Selling 140,000+ tickets over two days is a heavy lift for the league. Particularly, with an expensive ticket (relative to a typical home game). The face value of the lowest priced seat Sat. night is $65.

But with four fan bases in close proximity, and the additional pomp and circumstance surrounding the interdivision rivalry games (think: live music, pyro, and a flyover), the league was confident it could. And as of print, it looks like it will. The two matchups are trending towards selling out.

World Cup construction has limited capacity for Stadium Series games. The NHL will lose several thousand more seats on Saturday night to accommodate the stage needed for the Jonas Brothers concert (which is why attendance on both days will be below the 82,500 MetLife seats).
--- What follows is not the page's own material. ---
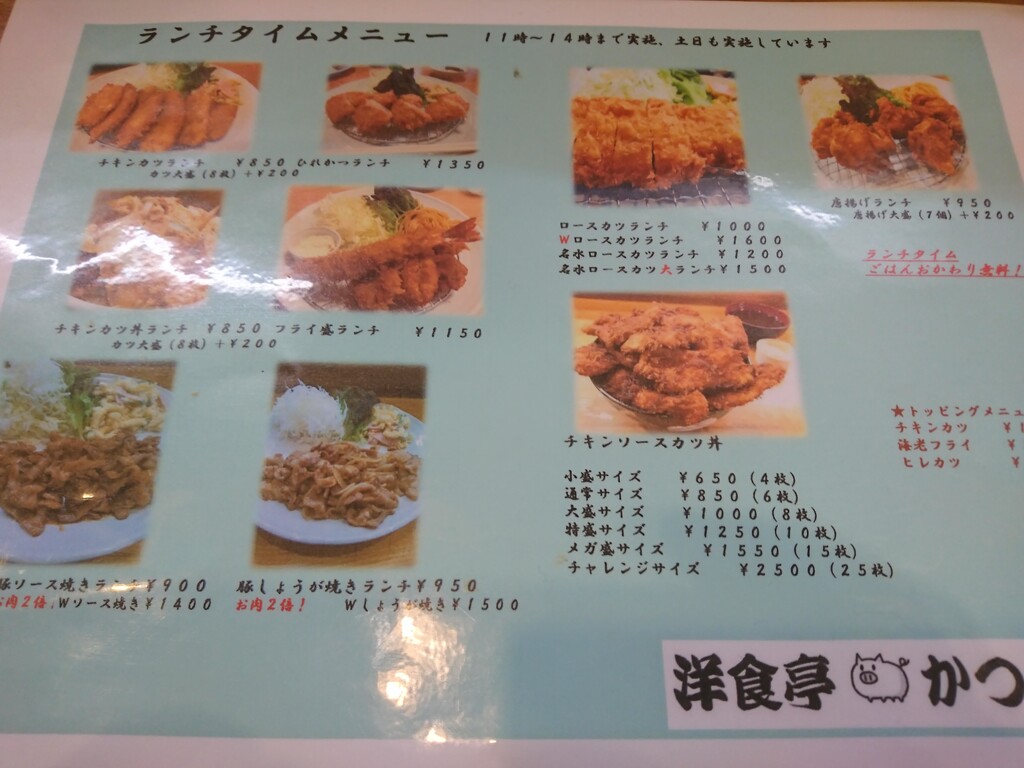 ランチメニューはこんな感じ。『ヒレカツランチ』とか『豚しょうが焼きランチ』とかが、お安くいただけるみたいだね。

To be clear, it is the NHL, not the Devils, losing those seats. The NHL buys out the home teams so that the clubs are made whole (i.e. the Devils will receive what they would have earned for a game against the Flyers at Prudential Center plus a bit more). Any additional ticketing revenues go towards covering expenses.

Outdoor hockey games are not profit centers for the league. But that is not their purpose, either.

“First and foremost, it’s [for the] fan experience. These games have “become one of the go-to events that people have on their bucket list,” Wachtel said. “They are [also] a huge deal for our [players and] sponsors.”

More than 20 of the league’s national partners, including the event’s title sponsor Navy Federal Credit Union, will activate on site, in the local market, and on television.

And the NHL’s broadcast partners like them.

“These are our highest rated games of the year,” Mayer said.

So, the spotlight should be bright on New Jersey this weekend.